Long-read RNA-seq data are often noisy, particularly for lowly expressed genes. To mitigate this, LRDE borrows strength across genes using an empirical Bayes strategy:
Binning:
Genes are grouped into bins according to similar mean expression levels.
Prior estimation:
Within each bin, empirical priors are estimated for:
Shrinkage:
Gene-specific (tag-wise) estimates are shrunk toward their bin-specific priors, resulting in more stable dispersion estimates and improved statistical power.

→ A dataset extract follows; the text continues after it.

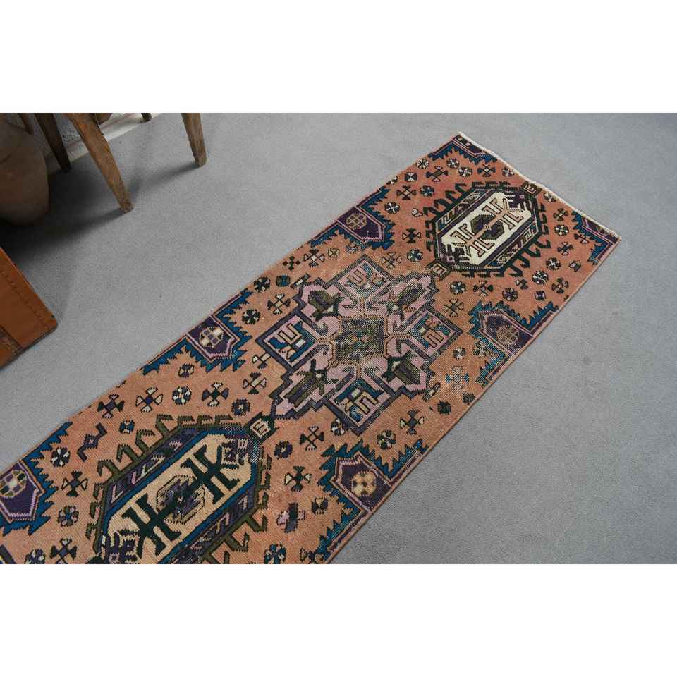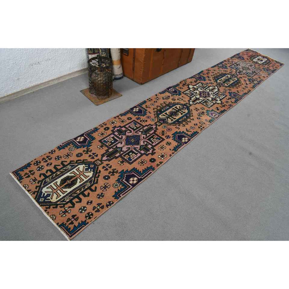 พรมวินเทจสไตล์ตุรกี ขนาด 2x12.2 ฟุต (61x372 ซม.) สีน้ำตาล ขอบสีน้ำตาล ทำจากขนสัตว์ พร้อมแผ่นรองหลังทำจากยางพารา เป็นมิตรต่อสิ่งแวดล้อม

LRDE provides two complementary approaches for differential expression analysis:
Likelihood Ratio Test (hurdle_LRT())
Recommended for general hypothesis testing and comparison of nested models.
Wald Test (hurdle_Wald_Test())
A computationally efficient alternative for testing individual coefficients.
The main object returned by LRDE is a list containing the following components:
counts: normalized count matrixgroup: sample group labelssize.factors: normalization factorstagwise.disp: gene-wise dispersion estimateszero_prob_matrix: estimated zero probabilities for each grouplrt_stats: likelihood ratio test statisticswald_stats: Wald test statisticsp.values: p-values for differential expressionThese components can be accessed directly using standard list indexing.
LRDE also supports input from SummarizedExperiment objects, enabling integration with standard Bioconductor workflows.
This section demonstrates a minimal end-to-end workflow for differential expression analysis using LRDE.
# Load the package
suppressPackageStartupMessages(library(LRDE))
set.seed(123)
# 1. Simulate a count matrix (Negative Binomial)
mat <- matrix(rnbinom(300, size = 5, mu = 5), nrow = 50)
# Define sample groups
grp <- factor(c("A", "A", "A", "B", "B", "B"))
# 2. Prepare the data object
y <- prepareDGE(mat, grp)
# 3. Estimate size factors for normalization
y <- sizeFactorsEst(y)
# 4. Estimate tag-wise dispersions
y <- tagwiseEst(y)
# 5a. Differential expression testing: Wald test
y <- hurdle_Wald_Test(y)
# 5b. Differential expression testing: Likelihood Ratio Test
y <- hurdle_LRT(y)
# 6. Inspect results
head(y$lrt_stats) # LRT statistics per gene
#> [1] 3.454142872 0.899998178 0.041541545 0.261982772 6.372198462 0.005056271
head(y$wald_stats) # Wald statistics per gene
#> [1] -1.71589930 0.94594439 0.20390895 -0.51176389 -2.26213529 0.07112874
head(y$p.values) # p-values
#> [1] 0.06309344 0.34278220 0.83849617 0.60876122 0.01159219 0.94331223
head(y$tagwise.disp) # estimated dispersions
#> [1] 0.02735738 0.04630069 0.03428276 0.44069007 0.05461926 0.03239385
str(y, max.level = 1) # Data structure visualization
#> List of 8
#> $ counts : int [1:50, 1:6] 6 8 7 10 8 6 8 13 3 10 ...
#> ..- attr(*, "dimnames")=List of 2
#> $ samples :'data.frame': 6 obs. of 3 variables:
#> $ baseMean : num [1:50] 3.81 7.36 6.62 7.19 4.88 ...
#> $ tagwise.disp : num [1:50] 0.0274 0.0463 0.0343 0.4407 0.0546 ...
#> $ zero_prob_matrix: num [1:50, 1:2] 0.0196 0.0215 0.0215 0.0215 0.0215 ...
#> ..- attr(*, "dimnames")=List of 2
#> $ wald_stats : num [1:50] -1.716 0.946 0.204 -0.512 -2.262 ...
#> $ p.values : num [1:50] 0.0631 0.3428 0.8385 0.6088 0.0116 ...
#> $ lrt_stats : num [1:50] 3.4541 0.9 0.0415 0.262 6.3722 ...
LRDE returns gene-level statistics for differential expression analysis, including test statistics and p-values.
Genes with small p-values provide evidence against the null hypothesis of no differential expression between groups.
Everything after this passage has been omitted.